One difference I think is that the black will last a bit longer if exposed to a lot of sunlight.


----------



## Hit and run (May 14, 2011)

I could be wrong but I thought that colored latex is usually UV protected (UV-light disintegrates latex). 
If your out in the sun, black tubes shoot faster because they absorb more heat and warmer latex contracts faster. (In a video with heated bands (I believe it was done with hot water) the speed roughly doubled.)
Coloring _could _affect latex negatively if the coloring-particles restrict movement of the latex molecules. But I have no idea how much this matters, if it maters at all.
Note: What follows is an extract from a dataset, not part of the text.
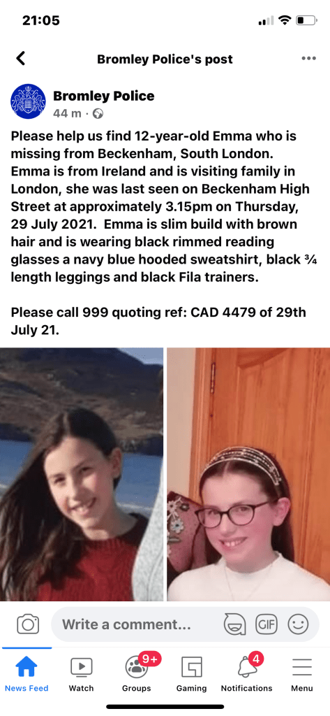 Police Newsflash: missing child Beckenham (29 July 2021)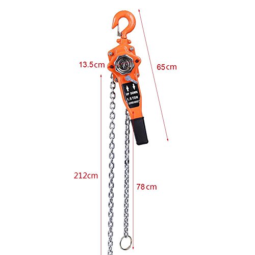 Paranco a Catena, 1,5T 3M Argano a Catena Manuale Paranco Sollevatore con Gancio, Leva di Sollevamento Manuale per Officina, Garage, Fabbriche

In all I think that a little increase in temperature or UV-protection matters more than the negative effects of coloring.


----------



## Gwilym (Dec 9, 2010)

I notice two people have voted are these votes based on just observations or has someone chronied them. the natural coloured ones seem to wear much quicker than black ones but I dont know about speed.


----------



## M.J (Nov 1, 2010)

I think performance is roughly the same but I was using a set of amber 2040s fixed OTT and had one break at the fork. This has never happened with the black tubes which I'v run thousands of shots through on various sets. Usually the tubes just start to lose some of their "zip" and I replace them but the amber 2040s snapped after comparitevly few shots.


----------



## TandocTools (Oct 2, 2011)

I had a set of yellow 17/45 tubes break at the fork 2 days ago and thankfully I was wearing my glasses because it smacked the lens right out! It didn't feel right on the draw but I kept aiming and thwack--right in the eye!


----------



## Tex-Shooter (Dec 17, 2009)

This is not an exact answer to the question, but there is a difference between dipped and extruded tube. At the same pull weight and stretch ratio the dipped will out perform the extruded tube. Size also makes a difference. Two smaller tubes at the same pull weight and stretch ratio will out perform one larger tube. Tubes without color and UV protection will out perform those that have color and UV protection, but are more sensitive to light and ozone. -- Tex


----------



## JetBlack (Mar 9, 2012)

Ive read/heard that black tubes last longer, but have nothing to confirm this


----------



## newconvert (Dec 12, 2011)

Tex-Shooter said:


> This is not an exact answer to the question, but there is a difference between dipped and extruded tube. At the same pull weight and stretch ratio the dipped will out perform the extruded tube. Size also makes a difference. Two smaller tubes at the same pull weight and stretch ratio will out perform one larger tube. Tubes without color and UV protection will out perform those that have color and UV protection, but are more sensitive to light and ozone. -- Tex


yes, i have red the same from manufacturers of the products, it also depends on manufacturing standards


----------